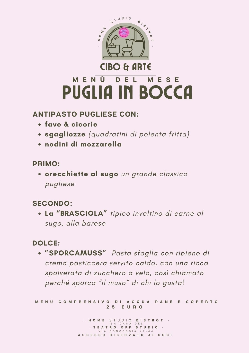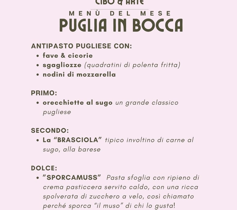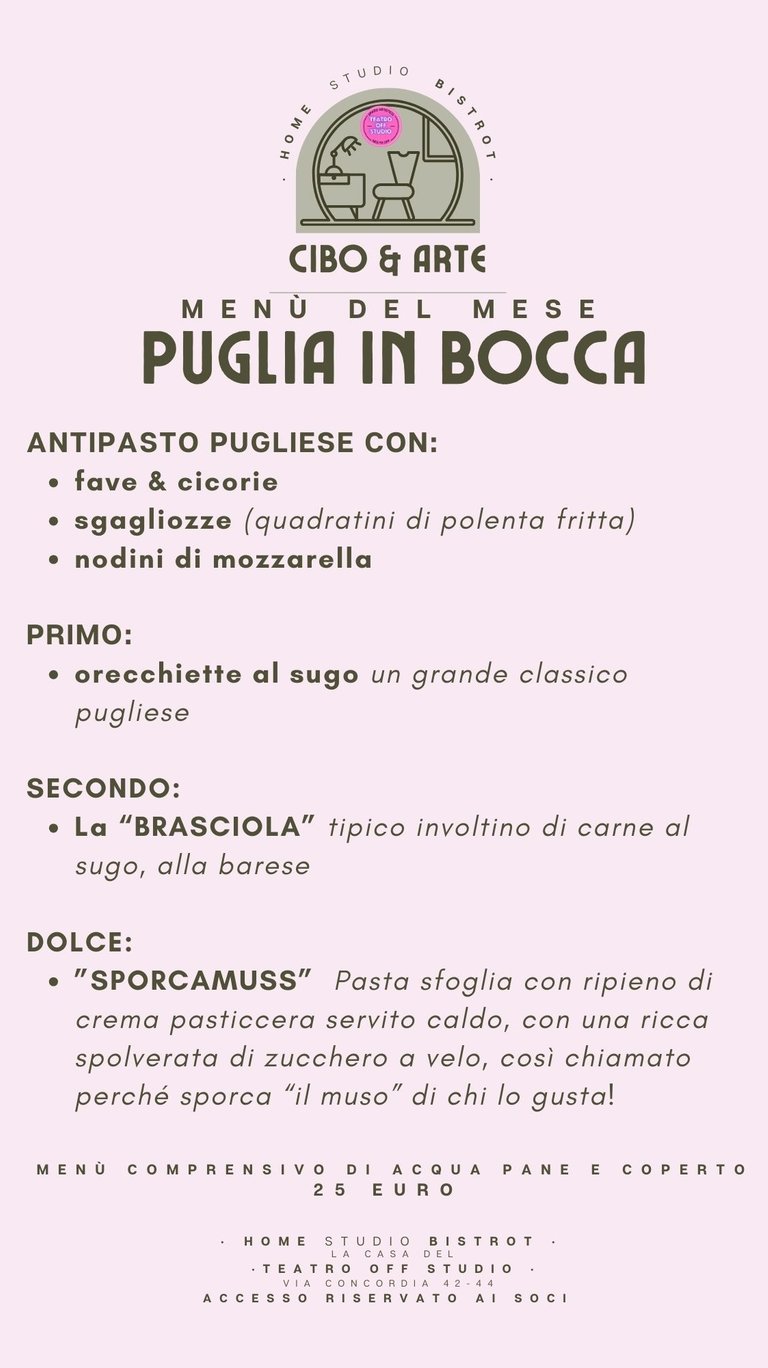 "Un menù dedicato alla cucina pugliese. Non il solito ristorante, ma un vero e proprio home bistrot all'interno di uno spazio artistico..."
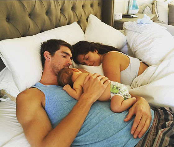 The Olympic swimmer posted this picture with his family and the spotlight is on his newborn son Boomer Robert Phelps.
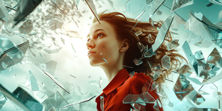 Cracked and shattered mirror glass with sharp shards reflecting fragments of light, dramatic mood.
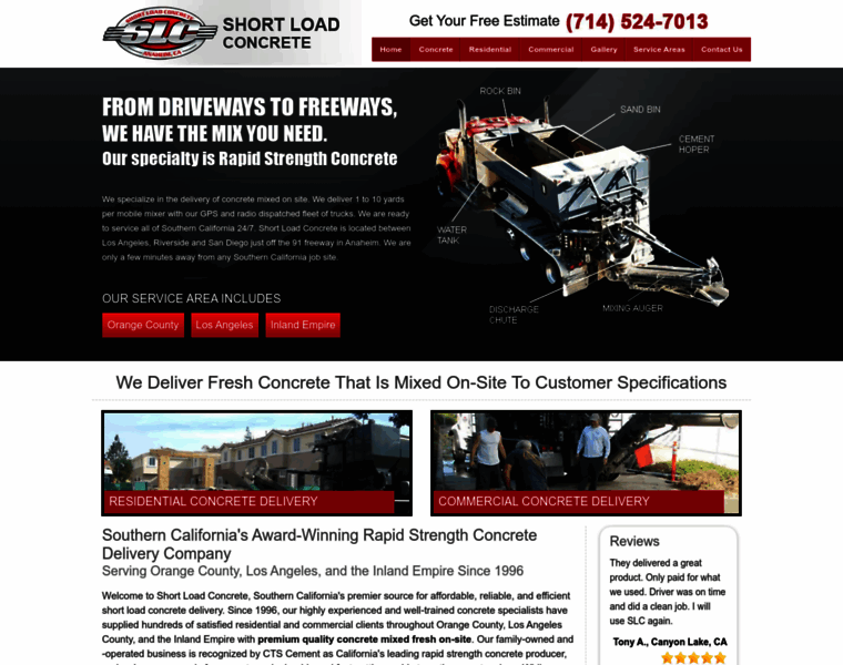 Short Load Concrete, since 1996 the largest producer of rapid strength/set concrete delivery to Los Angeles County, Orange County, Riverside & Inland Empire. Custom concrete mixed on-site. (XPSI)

--

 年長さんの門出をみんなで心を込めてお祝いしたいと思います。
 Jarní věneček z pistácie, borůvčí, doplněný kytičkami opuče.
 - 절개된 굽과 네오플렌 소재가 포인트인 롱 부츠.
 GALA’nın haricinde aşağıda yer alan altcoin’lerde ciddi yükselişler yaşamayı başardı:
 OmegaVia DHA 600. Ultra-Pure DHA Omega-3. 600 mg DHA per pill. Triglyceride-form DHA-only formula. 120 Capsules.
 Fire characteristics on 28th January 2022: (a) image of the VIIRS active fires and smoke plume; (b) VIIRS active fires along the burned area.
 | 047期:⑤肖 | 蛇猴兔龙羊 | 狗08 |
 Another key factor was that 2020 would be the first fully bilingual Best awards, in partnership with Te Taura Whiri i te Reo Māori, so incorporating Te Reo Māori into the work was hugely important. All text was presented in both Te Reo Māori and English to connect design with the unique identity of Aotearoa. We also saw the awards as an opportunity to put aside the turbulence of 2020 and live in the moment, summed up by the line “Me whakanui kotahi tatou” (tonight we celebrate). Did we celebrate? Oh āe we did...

> INSTRUCTIONS FOR THE TASK:
Text only, no pictures: please print exactly the lines above from the line with "The Olympic swimmer" up to and including the line with "Short Load Concrete, since", and nothing else.

> WRITTEN ANSWER:
 The Olympic swimmer posted this picture with his family and the spotlight is on his newborn son Boomer Robert Phelps.
 Cracked and shattered mirror glass with sharp shards reflecting fragments of light, dramatic mood.
 Short Load Concrete, since 1996 the largest producer of rapid strength/set concrete delivery to Los Angeles County, Orange County, Riverside & Inland Empire. Custom concrete mixed on-site. (XPSI)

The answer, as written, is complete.